I then use the values from DEVICE_ID-cert.pem and DEVICE_ID-private-key.pem in the authentication structures of the mqtt client library. Can you see anything wrong with my key generation?

2

We use certificate authentication but not using intermediate certificates; it looks like you are using the right steps. Do you have the intermediate certificate trusted as well? That’s the first thing that jumps out at me.

3

Sounds like I may not understand the process. I loaded the root certificate to the trusted certificate store. Then I signed my device certificate using the root certificate. I was assuming that when I send the device certificate to the cloud, it will see that it’s signed by the root certificate and accept it. Am I missing a step? Do I need to load the device certificate to the trusted certificate store?

4

I assume you have per-device certificates? No, per-device certificates don’t need to be loaded. But having the whole certificate chain loaded is something we encountered.

5

But my per device certificate is signed by the root certificate. So I shouldn’t need any intermediate certificates, should I?

6

Until recently you needed to send the entire certificate chain, just having the root certificate as your trust anchor and sending the device certificate was not enough, this is documented here: Device certificates - Cumulocity IoT documentation. However, recently we have shipped an improvement where Cumulocity can infer the certificate chain, in that instance you need to upload the adjacent certificate to the device certificate as your trust anchor. Unfortunately this update was not properly documented, that is in hand and the documentation will be updated shortly. You do not mention which instance you are working on, but if it is eu-latest then you should be able to use the new certificate inference.
I hope this helps, Jane Porter

1 Like
7

Unfortunately, no. I’m signing my device certificate directly with the trusted root. One error I did notice is that I seem to have conflated intermediate certificate creation with root certificate creation and I was signing my root certificate with itself! lol. So I stopped doing that, I placed the following steps;

openssl req -new -key autodoser-private-key.pem -out autodoser-cert-sign-request.pem -extensions v3_req -subj "/C=US/ST=Delaware/L=Wilmington/O=Solenis/CN=*.iot-dev.solenis.com"

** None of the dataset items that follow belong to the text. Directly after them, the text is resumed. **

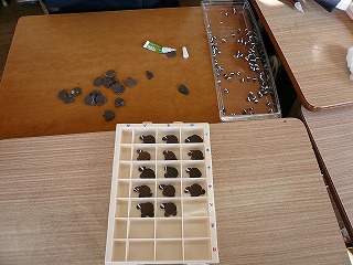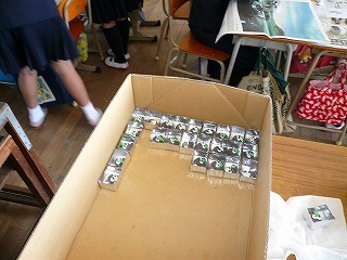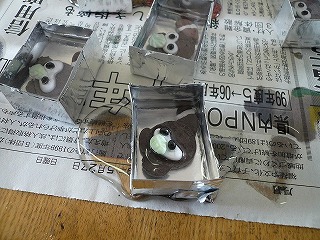 約130個作成したものの,アルミテープの貼り方が不十分で,液がもれてマスコットが出てしまっているものがいくつか見られました。 結局,なんとかできあがったのは,100個足らずでした。 100個を目標としていたので,30個の余分を作っていて正解でした。 丁寧な作業の大切さを学びました。 |
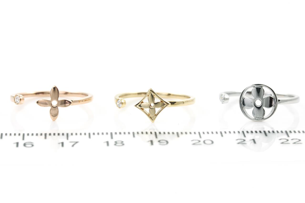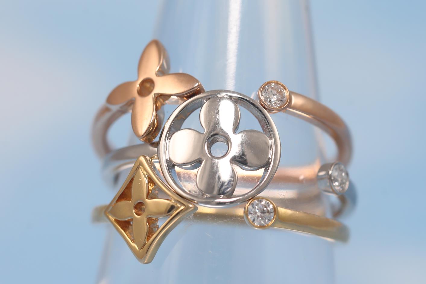 Louis Vuitton Idylle Blossom 3 ring set with round Diamonds totalling 0.10cts. 18ct yellow, white & rose gold. Total weight: 5.6g. Louis Vuitton stamped size 53, N - ring resizing is not recommended. With certificate #415259. (Pre-owned)
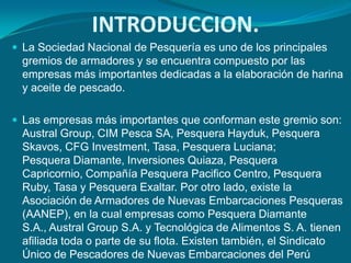 Este documento describe la Asociación de Armadores de Nuevas Embarcaciones Pesqueras (AANEP) y el Sindicato Único de Pescadores de Nuevas Embarcaciones del Perú (SUPNEP), incluyendo su historia y el convenio colectivo que firmaron en 1991. El convenio establece que los pescadores recibirán el 18% del precio promedio de la pesca descargada y ha sido renovado varias veces. El objetivo del convenio es hacer frente a la crisis del sector pesquero mediante el establecimiento de condiciones laborales
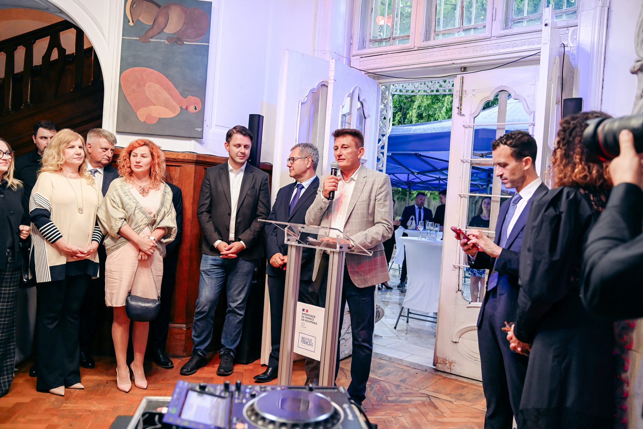 Pe 9 iulie, într-o atmosferă elegantă, plină de emoție și prietenie, Institutul Francez din Timișoara a fost gazda unei celebrări speciale: Ziua Națională a Franței. Evenimentul, organizat de Institutul Francez din Timișoara și Clubul Francofon de Afaceri, a reunit diplomați, oficiali, reprezentanți ai mediului economic și cultural – toți animați de aceleași valori esențiale: Liberté, Égalité, Fraternité.
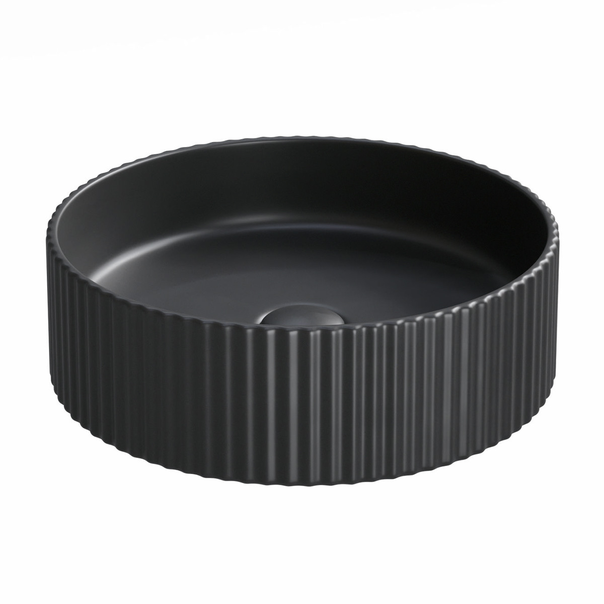 Lavabo in ceramica ad appoggio senza foro rubinetteria, senzatroppo pieno e senza piletta.
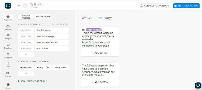 ChatFuel - сервис сразу интегрируется со страничкой Фейсбук, ничего устанавливать не надо. Он умеет создавать блоки из нескольких сообщений с возможностью выбора ответа и перехода к следующему блоку, может привязать к сообщению картинку, галерею и видео, умеет распознавать живую речь пользователей по ключевым словам и знает русский язык, поддерживает встраивание 32-х плагинов в сообщение, то есть можно включить RSS-ленту с сайта и показать свежие статьи блога, вставить таблицы, карты, посты из из Инстаграма или Твиттера.
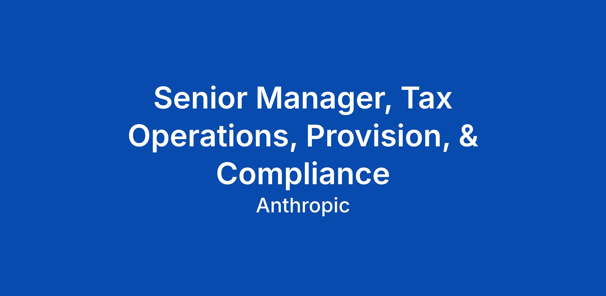 Senior Manager, Tax Operations, Provision, & Compliance
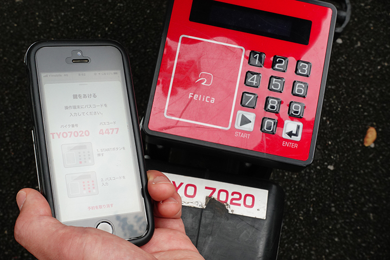 自転車を選んでから、後方に設置された操作パネルに暗証番号を入力するとロックが解除されます。

openssl x509 -in autodoser-cert-sign-request.pem -out autodoser-cert.pem -req -signkey autodoser-private-key.pem -extensions v3_req -extfile intermediate-config.cnf -days 3650

with

openssl req -config root-config.cnf -key autodoser-private-key.pem -new -x509 -days 7300 -sha256 -extensions v3_req -out autodoser-cert.pem -subj "/C=US/ST=Delaware/L=Wilmington/O=Solenis/CN=*.iot-dev.solenis.com"

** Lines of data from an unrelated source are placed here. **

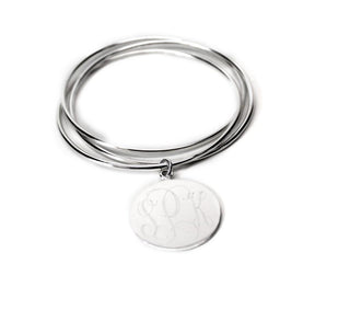 Sterling Silver Bangle Bracelet with engravable disc.
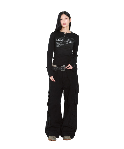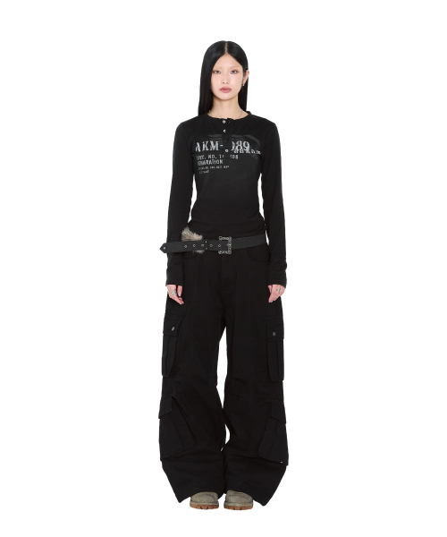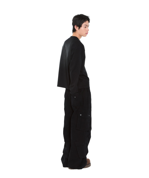 Knee Pin-Tuck Double Pocket Cargo Pants (Black)
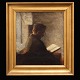 E. Klenø 1921-2005. "Interior with woman" Oil painting on canvas.
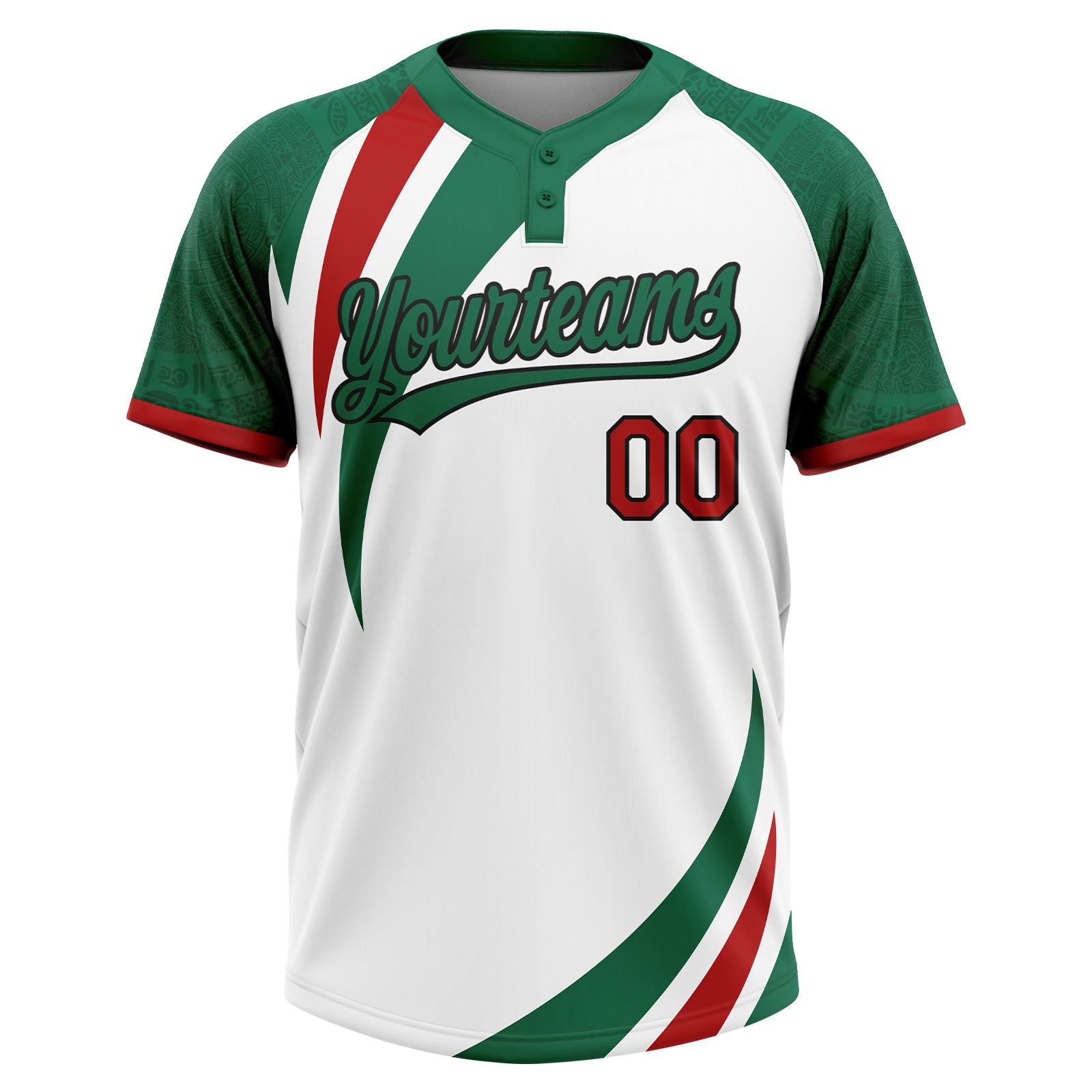 Custom White Red Kelly Green-Black Mexico Two-Button Unisex Softball Jersey

unfortunately, I’m still getting “connection refused, not authorized”. So I’m still stuck

8

The instructions I have for creating my device credentials are somewhat old and I can’t find them on the cumulocity website anymore. You have a new page on creating credentials that ups it to a 4 Kib key and the method requires a password on the key and forces a serial numbering convention that will not work with our manufacturing. I might be able to live with the password, but if you can help me to figure out how to get rid of the automatic serial number assignment that allows me to write in my own, that would be very helpful.

9

HI Can you please send the link to the documentation you are using, can you also confirm which Cumulocity instance you are using.
Thanks, Jane.

10

The instructions I’m currently using no longer exist, but I put the steps in my original post. The current documentation is;
https://cumulocity.com/guides/device-integration/mqtt/#device-certificates

But I don’t know how to modify it to suite my needs.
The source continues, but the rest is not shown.